Oh, I did pick up a couple of those front closing bras at Walmart...$7 apiece was a steal!

Question for you all: I am thinking of flying from Columbus,OH to Houston for the Labor Day weekend because NO tx on Monday. I will be at tx #20. Lymphedema does not seem to be an issue with me. It is a 3hr non-stop flight. It would be a visit to see my 80+ year old parents (who have been wonderful from afar during this ratsy Dx). I just have this NEED to see them. Is this do-able or should I just stay put?

Hugs to all,

Sue

kawee

Jancie, I started by rads on the 17th.  Noone told me about creams at all.  Sounds like everyone is using something on their breast everyday.  Tomorrow I'll ask the rad oncologist about it.  Haven't really felt too much yet but I'm with everyone else, this whole thing is a drag and has gotten really old.  I'm already tired from the whole ordeal.  Don't want to do it, but to quote someone else "afraid not to". 

BetsyBuzz

Hi all,

Add me to the newbies. I had my first rad of 33 today, 26 regulars and 7 boosts. The only thing that surprised me was the size of the area they radiate. It's bigger than I expected. Since I have had an allergic reaction to aloe in the past, they told me to use Aquaphor.

Kawee - I can relate to the "tired" comment. I don't really feel like I've completely rebounded from chemo yet. Started Tamoxifen on Sunday, have a bone density test next Monday, port removed Tuesday. I am so looking forward to October when I will have more than a two week period without a doctor visit.

I'm hoping time will fly.

Betsy

kawee

BetsyBuzz

I didn't even have to have chemo, so I can only imagine what that added must feel like.  Just 2 surgeries, then rad.  My oncologist said they won't start tomoxifen til I'm finished with rad because there is some evidence that rad doesn't work as well.  Who knows.  Seems most people start it at the same time.  My sister was diagnosed 2 months before me.  She finished her rads with absolutely no side effects.  Well, she did say her breast was slightly darker.  Let's all hope for the same (except the darker part, of course).

caphan

03132W: I spoke to rad onc. today and the hospital goes by Univ. of Penn. protocol so the three week radiation is not really an option.  She told me it's the Canadian protocol and not used much ??  Today the machine was down because we had a huge electrical storm last night so I felt like I made a trip for nothing.  I'm hoping I don't get any of the side effects like kawee's sister. At what point does everyone start seeing that they need to buy different bras?  This is all so new to me and so far I don't like it!

ChrisC433

SueinOhio:  I think travel is fine.  I would get the compression sleeve to help out.  I was told to have one for flights because the added pressure in the plane can escalate the LE problems.  Better safe than sorry.  I go to PT tomorrow and I hope she can help me resolve the problems with swelling, hard (very hard)scar tissue at incision, and my brachial nerve cording.  Not looking forward to going (ouch!) but looking forward to some results.

Take care,

Chris

fmakj

Hi All!  Today I have officially hit my halfway mark!  WOO HOO!  15 of 30 done!

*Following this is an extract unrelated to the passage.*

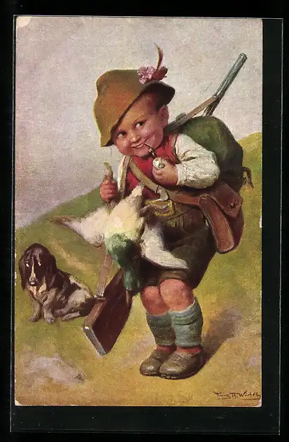 AK Junge als Jäger mit Dackel & erlegter Wildente

Jancie- After my first treatment I also was pink and warm to touch.  It has not gotten any worse since then.  I do use "Glaxal Base" cream 3 times a day to keep the skin moisturized.

Sue- I think it is a wonderful idea to visit your parents if you feel the need to.  You may need to wear a compression sleeve (if this it what it is called?) when you are flying though.  If you do not have an appointment with your onc to ask, you can always ask your rad techs to email him/her and ask the question that way.  It would put your mind at ease.

Yesterday was the first day that I felt tenderness (irritation) at the axilla scar - was told today that this is "normal".  I had already developed red dots (like pimples) in and outside the tx area and was told that that was probably a reaction to something but not the tx.  I was told yesterday to wear the sports bra and get into it by stepping into it instead of pulling over my head (never thought of it!).  What a difference and the softness feels much better on the irritated skin under my arm!  But no visible irritation yet!  I have also been experience small stabbing sensations in my radiated breast which again I was told is "normal".  Oh well, so far so good!

Has anyone noticed a different texture to your hair (sorry to those that do not have any).  My hair seems to be getting very straw-like in texture and do not know if it is from the txs or from washing it sometimes 2 times a day (if I get in my pool I immediately take a shower to remove chlorine.)?

Welcome to the Newbies!

Be Well All!  

flowerpower

Hello Everyone! ~hope you are all doing great with not too many SE's. I did # 16 out of 38 today & I am definately red & very sore.  Rad onc said that it is from using the bolus every other tx. I had skin involvement, so the bolus is necessary.  The good news is that I only have to use it 4 more times. She also gave me some more aquaphor & Friut of the Earth Aloe w/ Lidocaine to use. She said to put the aloe in the refridgerator then apply.  Ladies......this is the way to go!!!! The aloe w/ lidocaine feels soooooo nice & soothing......It is my new best friend! LOL!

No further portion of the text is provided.